As he walked to his office, Cole felt a strange disconnect from those around him. He did not share their sense of shock and heartbreak. He was saddened by the death of a person he knew, but he never bought into the Jesse Monday, “second coming.” “new messiah,” “God’s anointed one,” “Jesus for a new age” hysteria.
“Good morning,” Hanna said, smiling up at Cole.
“So, what do you think of all this?” Cole said, giving a sweeping motion across the wide ocean of cubicles.
“I’m Jewish. We’ve had a million wanna-be prophets, including, your Yeshua. I think they had the right idea when they used to stone them,” Hanna said, enjoying her own remark.
“Alrighty then.
Cole pulled the door of his office half-closed and sat down. On top of his desk was a file folder at least two inches thick with a rubber band around it. Randy Callen didn’t waste any time compiling data on Jesse Monday. As he began thumbing through the material inside, Cole grabbed a yellow note pad and started scribbling phrases, names and notes of his own. Lost in the research, and formulating the direction of the piece he would write, he didn’t notice Hanna’s knock on his doorframe until she rapped harder and cleared her throat.
“FedEx for you,” Hanna said as she approached the desk. “Requires your signature, too.”
Cole scribbled his name across the line after the X, “Thank you.”
“You’re welcome,” came from a different voice in the room.
“Randy! Hey, you must have burned the midnight oil.” Cole indicated he take a seat.
“Here is a bit more, but I thought I would hand-deliver it.”
“Why’s that?”
“You might call it “sensitive” material,” Randy said, passing a manila envelope to Cole.
“There’s more to all this than meets the eye, isn’t there.” Cole smiled.
“What the hell’s going on around this place anyway?
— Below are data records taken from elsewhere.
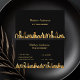 A black background, with a faux gold city skyline as decor. Personalize and add your business name and a text on front. Golden letters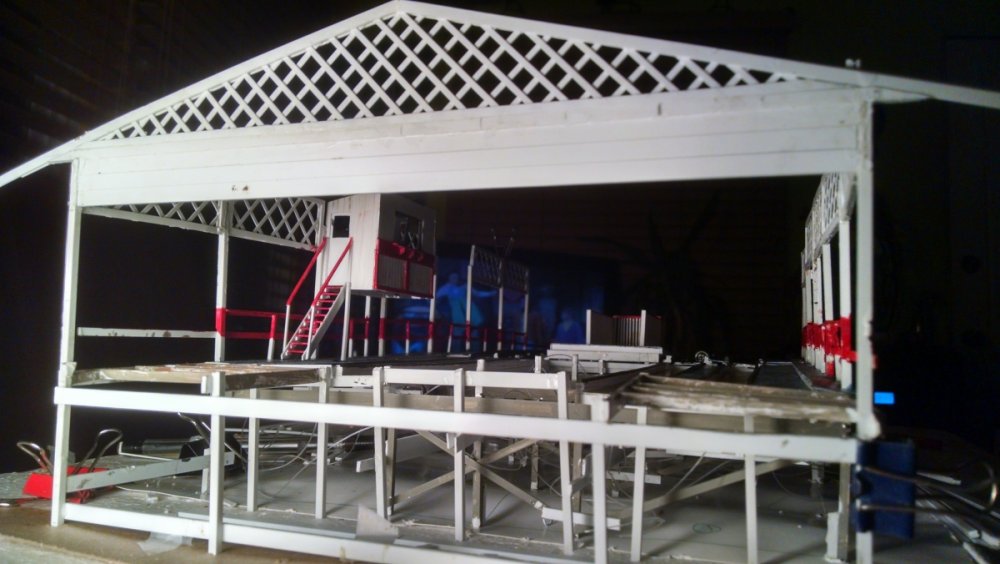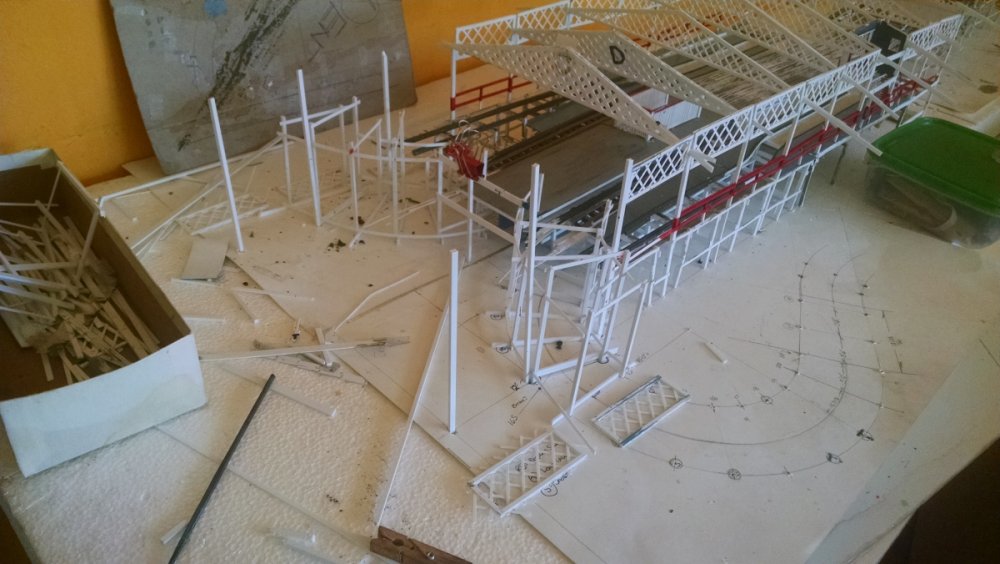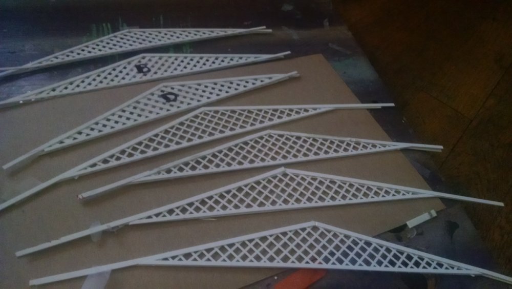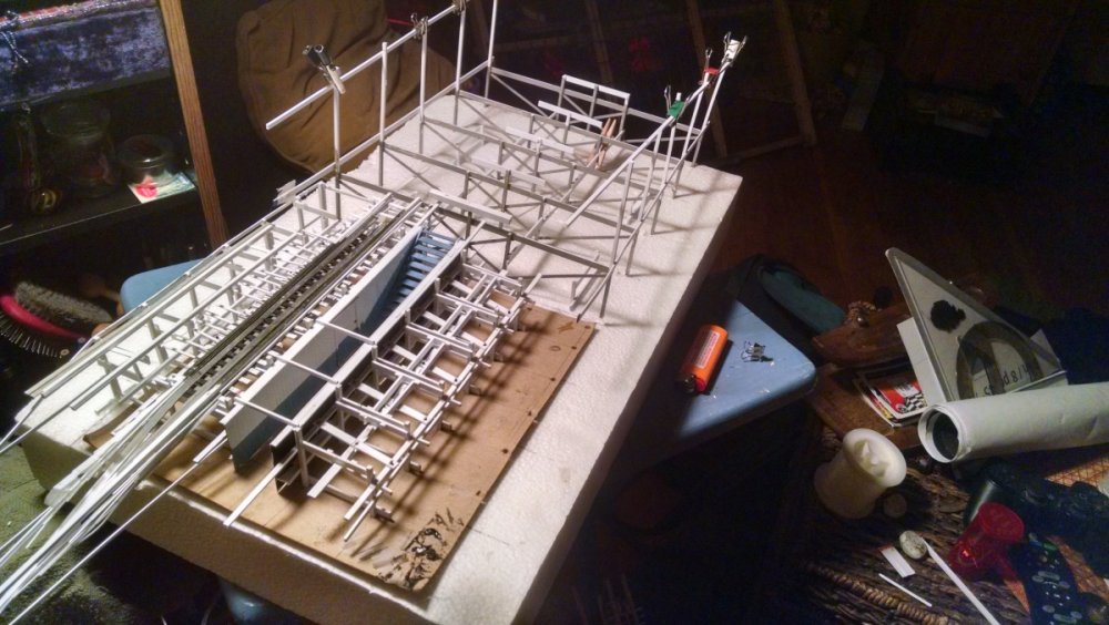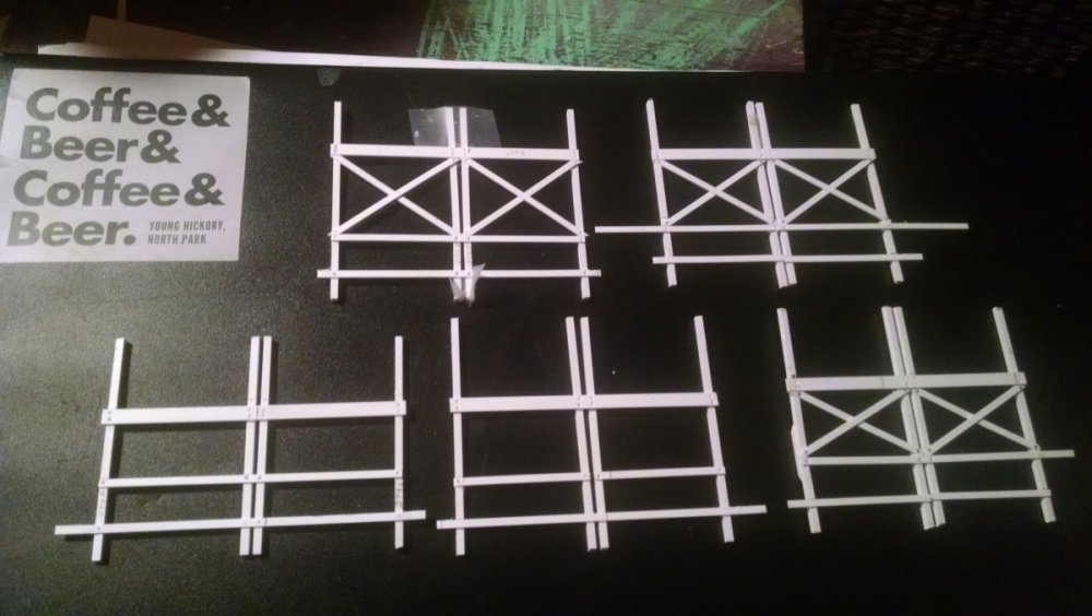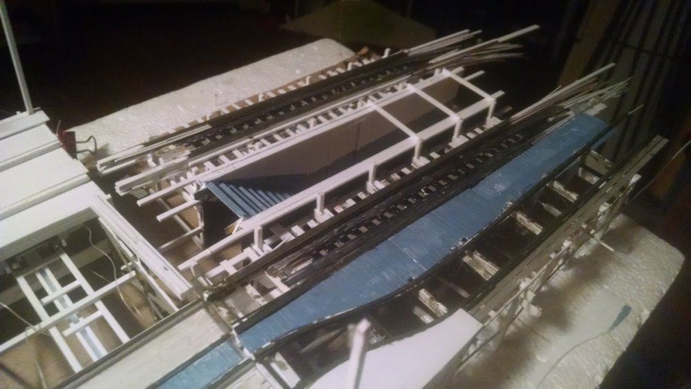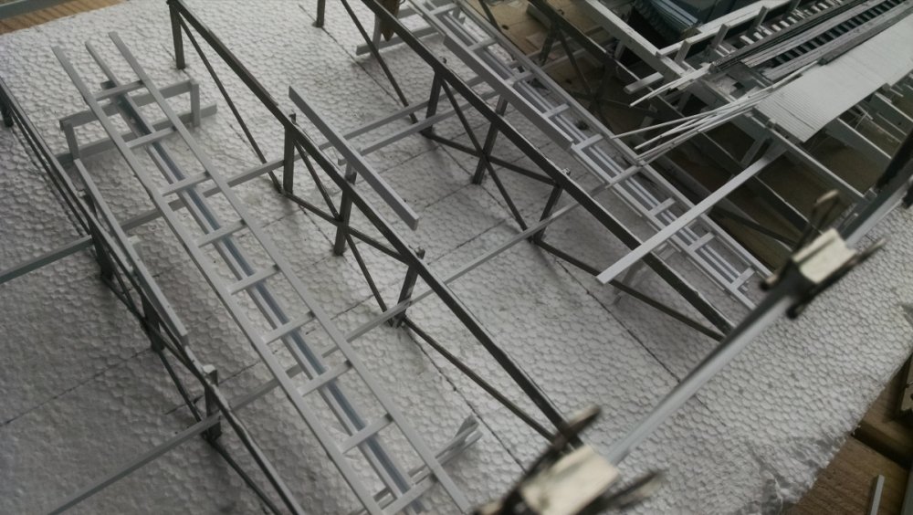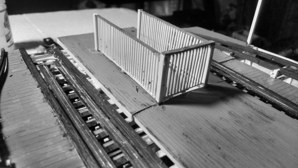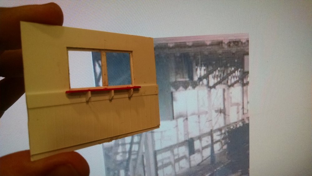 The station house is finally beginning to look like something. Frame for the station house eaves trellis before popping out of the template Popping the frames out of their template. Then I added the lattice. Rather than do a big mass production I did each one individually. I am pleased that the criss-crosses each seem to line up near perfect. Here is a stack of four or five trellis. Random shot of my neighborhood corner. My inspiration. Adding the completed trelli to the eaves. Making slats that will be part of the exit stair handrailing There it is. Made a wall as part of some room that is part of the station (up against a photo of the real McCoy. Save for the center decking and the stairs leading up to the side room, the transfer table area is done. Starting floor joists for center decking. Painted and test fitted. I'm actually doing individual planks for the floor as you can see over on the right as I start installing them. Because of my being so meticulous my scale, it will have the exact same amount of planks across. Unpainted floor sits temporarily in place. I painted the insides of each plank dark gray. The bleed through will give the floor a good texture/contrast when I paint it over. Art shot. Over time there were a few structural changes to the station house. I decided to make it in later years when they really had to beef up the structure, hence the extra lumber used to support the end lattice of the roof. Once I got a pattern going, of took me about 45 minutes to make each trellis. Note that some of them have thicker criss crosses. Those support the roof directly under the horseshoe turn. The office, storage area, paint room, whatever. Trellis work being temporarily fitted. Note that hand railing is installed too. Looking down the exit stairs. -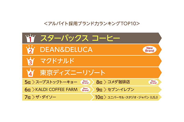 今回の調査で最も採用ブランド力が高いと評価されたのは、スターバックス コーヒーという結果になりました。2位は僅差でDEAN&DELUCAが獲得。次いで3位にマクドナルド・4位東京ディズニーリゾート・5位スープストックトーキョーがランクインしました。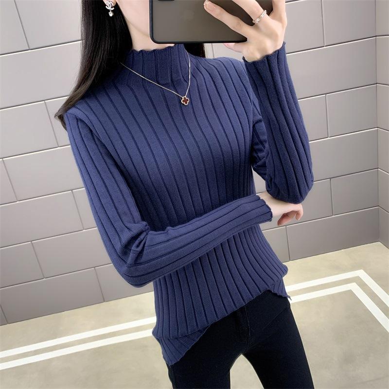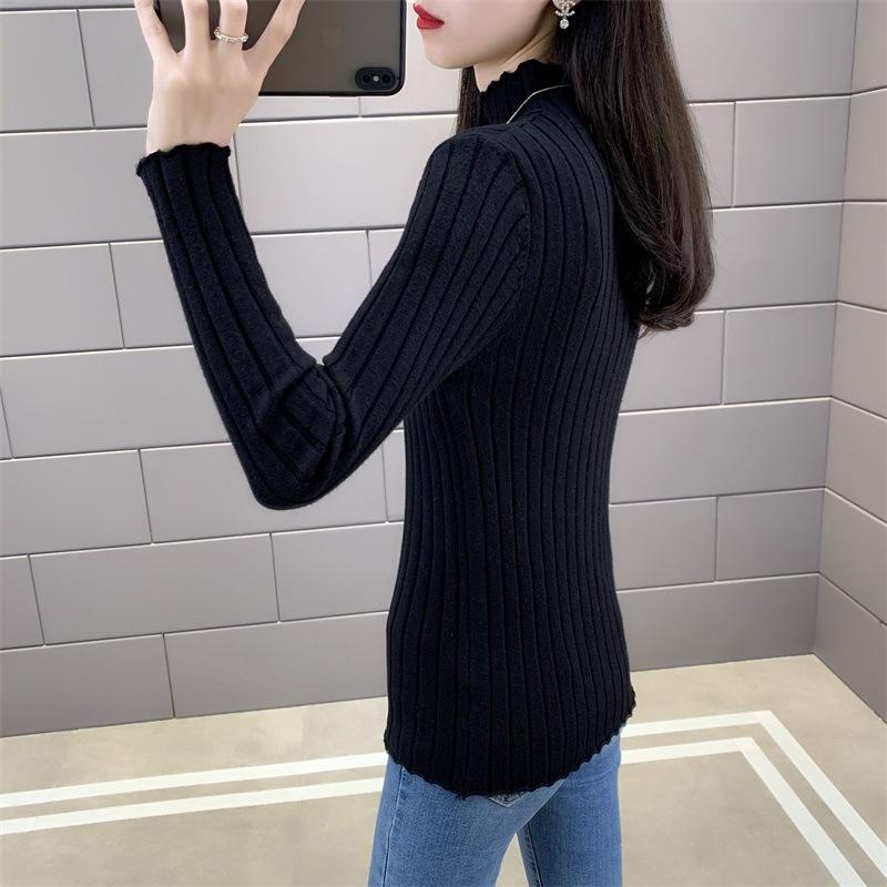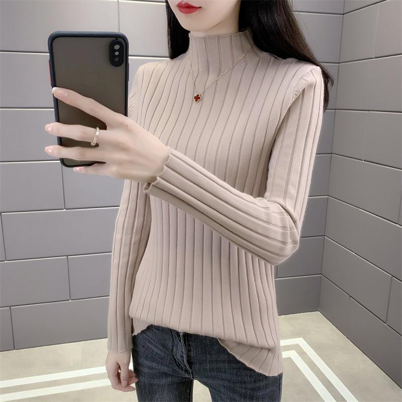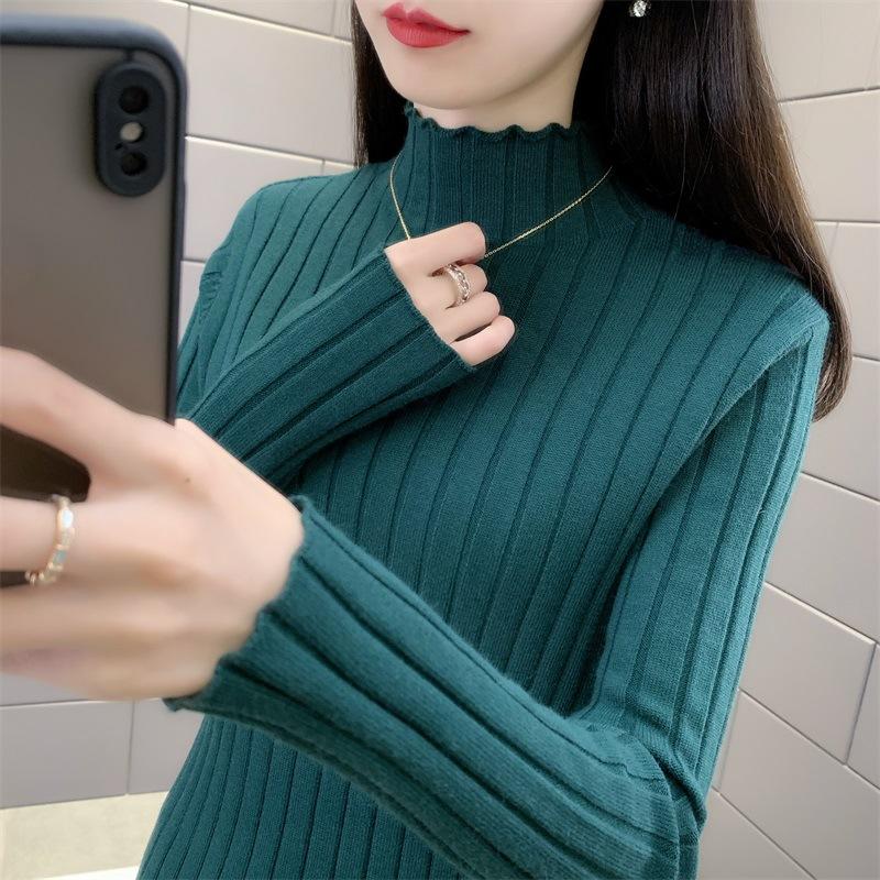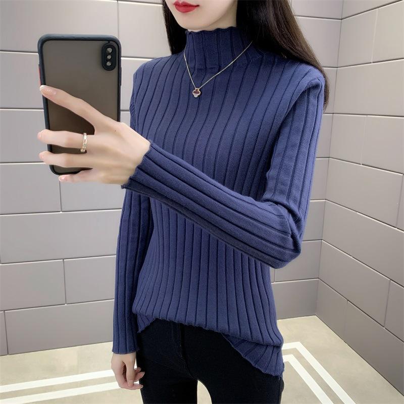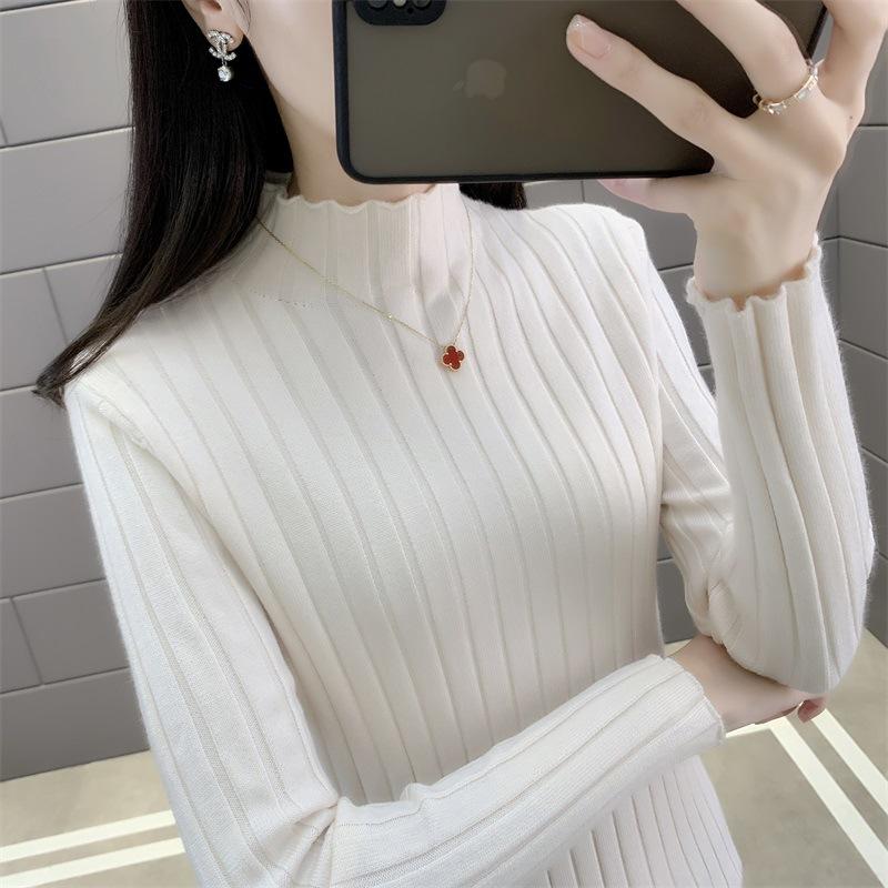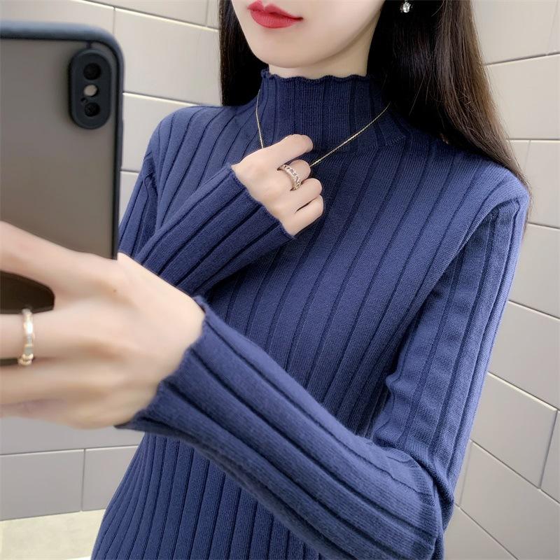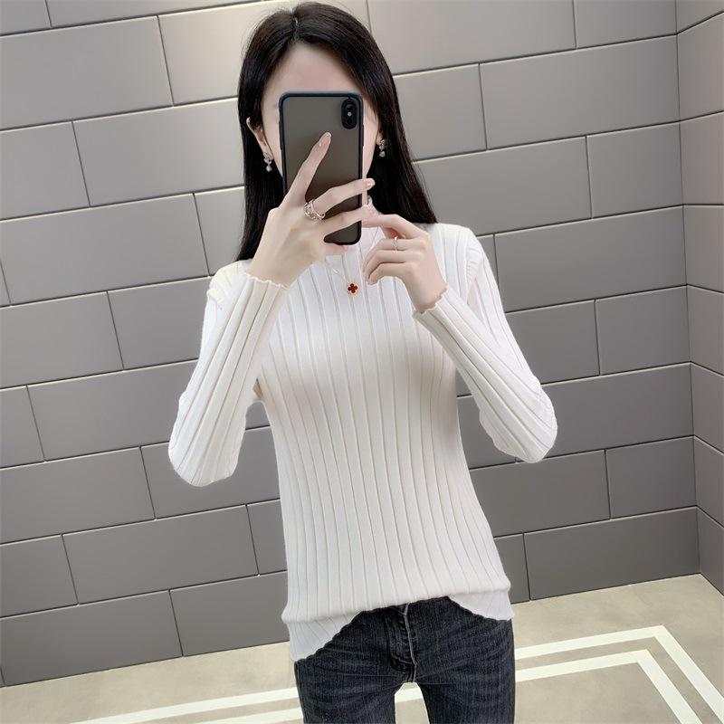 Suéter de cuello alto medio para mujer, camisa básica, interior de otoño e invierno 2023, nuevo suéter simple, ajustado, de manga larga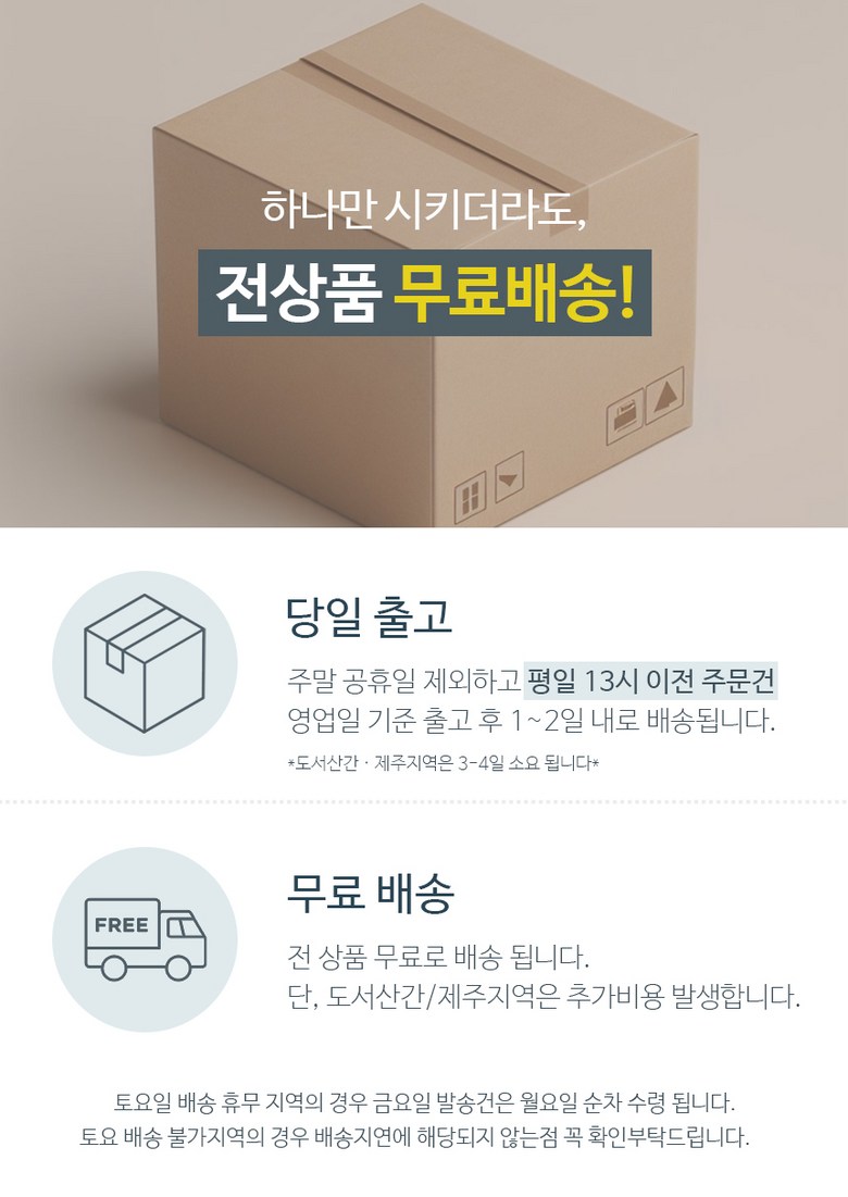 | 배송방법 | 순차배송 | 배송비 | 무료배송 · 도서산간 추가 배송비 - 제주 지역: 400원 - 도서산간 지역: 400원 |

Has everybody been “podded”?”
Cole laughed in appreciation of his young friend’s Invasion of the Body Snatchers reference. “Sure feels like it. I had no idea so many people were impacted by Monday. It might be a good idea just for self-preservation if we kept our skepticism to ourselves. This love of Jesse goes all the way to the top and could be a real wedge issue. No sense creating ill will that might reap unwanted future problems.”
“Got it. You seem deep into it. I’ll get back to work. If you need any more “background” let me know.” Randy stood to go.